Yes, the current moment calls for compassion, but it also calls for a little more edge and collective defiance against the injustice of the virus. You want people to say “enough is enough” and rise to fight against the gloom. As with good parenting, the key is to find the right balance between caring and challenging, between compassion and containment, between saying “you are good enough as you are” and “get moving and get to the next level.”
Energize Everyone, Every Day:
“I’m surprised that the hardest part right now is managing my own mind,” the CEO of a large-cap company concluded with a sigh near the end of our session.
As we enter the last stretch, the greatest challenge for leaders may be to sustain energy in themselves and in their teams. We don’t quite know how long it will take to finish the last mile and we cannot rely on the urgency of the crisis any longer. Patience with feel-good language like “we need to pull together” or “we will get through this” is now close to zero. The appetite is for specific and actionable communication — what to do now to pull together and how to get through it.

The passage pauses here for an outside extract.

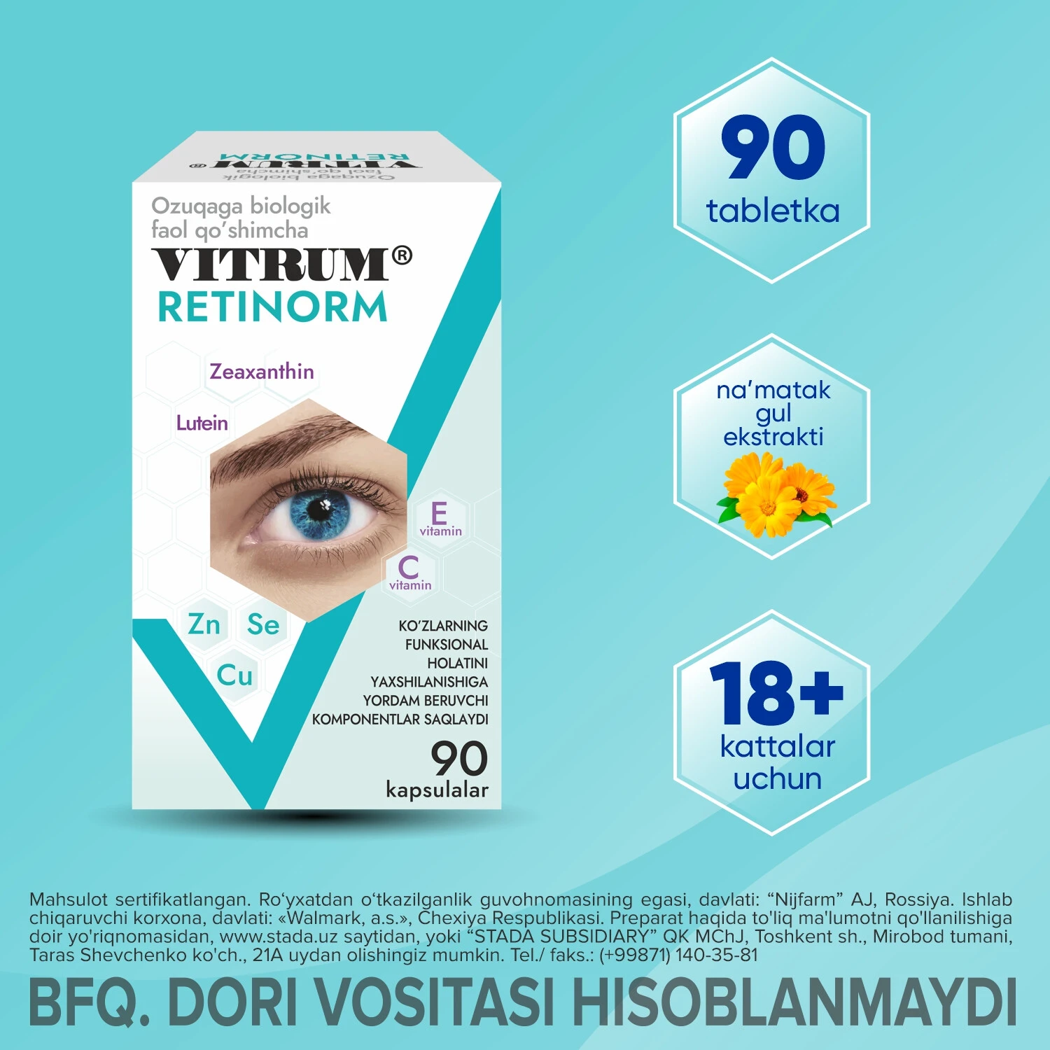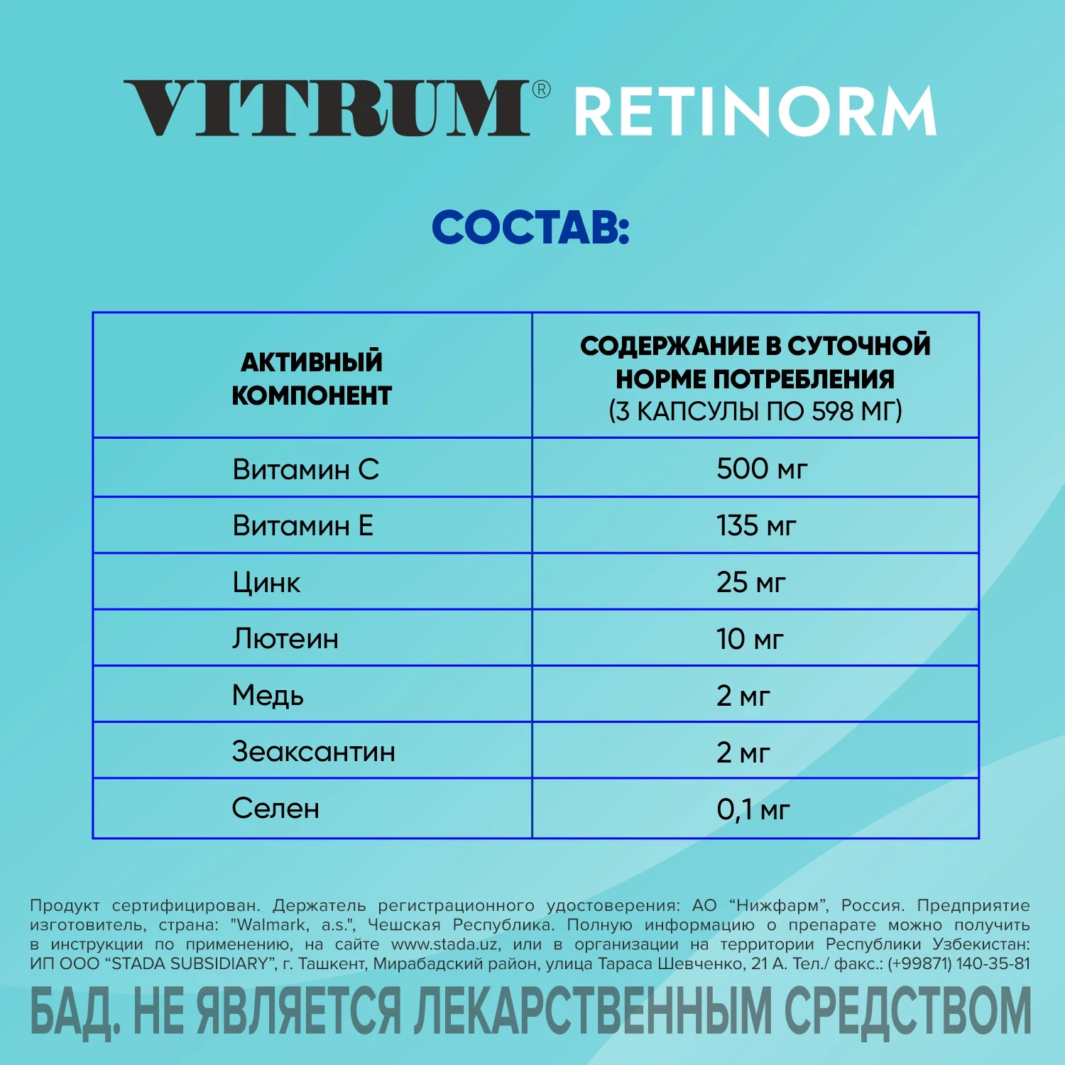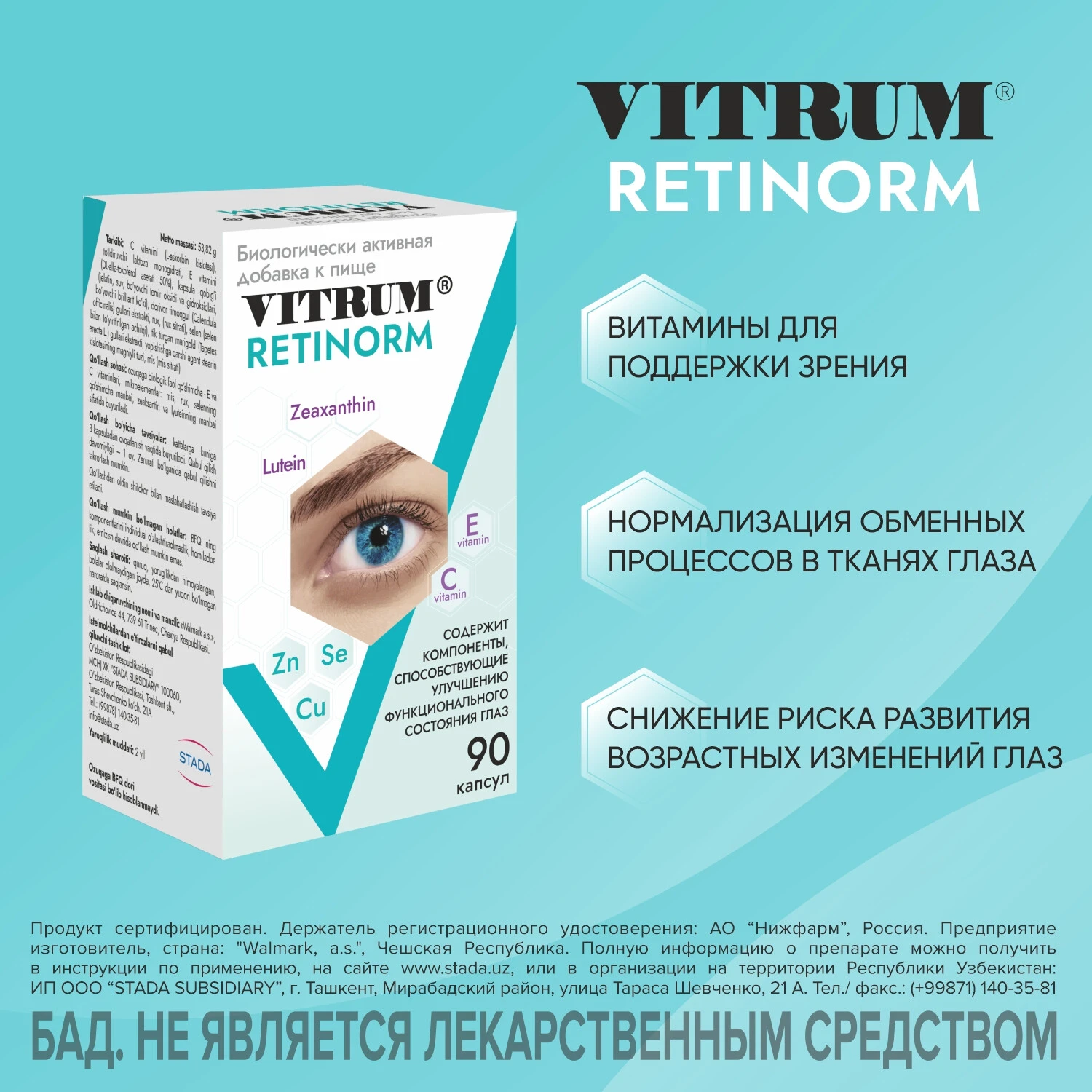 ВИТРУМ РЕТИНОРМ (VITRUM RETINORM) - Биологически активная добавка (БАД) к пище - входящие в состав БАД лютеин, зеаксантин, витамины С, Е и микроэлементы способствуют нормализации обменных процессов в тканях глаза, могут способствовать снижению риска развития возрастных изменений глаз.

The key is to get the energy flowing and never accept that meetings and interactions become stale or boring. Energy is not a given and must be generated and channeled internally. For example the LEGO Group has defined the goal to “Energize Everyone, Every Day” as a central leadership principle.
There are many ways to energize: Sharing success stories, setting up competitions, dividing long projects into sprints, communicating. But also shortening endless zoom meetings, cutting tumbleweed projects, and allowing constructive conflicts and honest feedback in your teams. How you do it matters less. That you do it matters immensely.
Further, people with a high degree of resilience tend to prevail because they interpret setbacks as temporary, local, and changeable. When something is viewed in this way, it leaves us able to think: “It will go away sometime, it can be curbed, and I can do something about it.” This enables us to act. It is the mindset of the resilient leader. Resilient people are more willing to make decisions because they believe they have a real impact on their situation and are not afraid to influence it.
Alternatively, if we face an obstacle thinking, “It is permanent, it is a general problem, and there is nothing I can do about it,” it leaves us with little or no power to act. People lacking resilience also tend to internalize the problem by ruminating and having thoughts like, “It is probably me. I am no good. I can’t do anything right.” This leaves the person paralyzed. You can probably imagine how these thoughts can spin out of control and end up in pure self-destruction.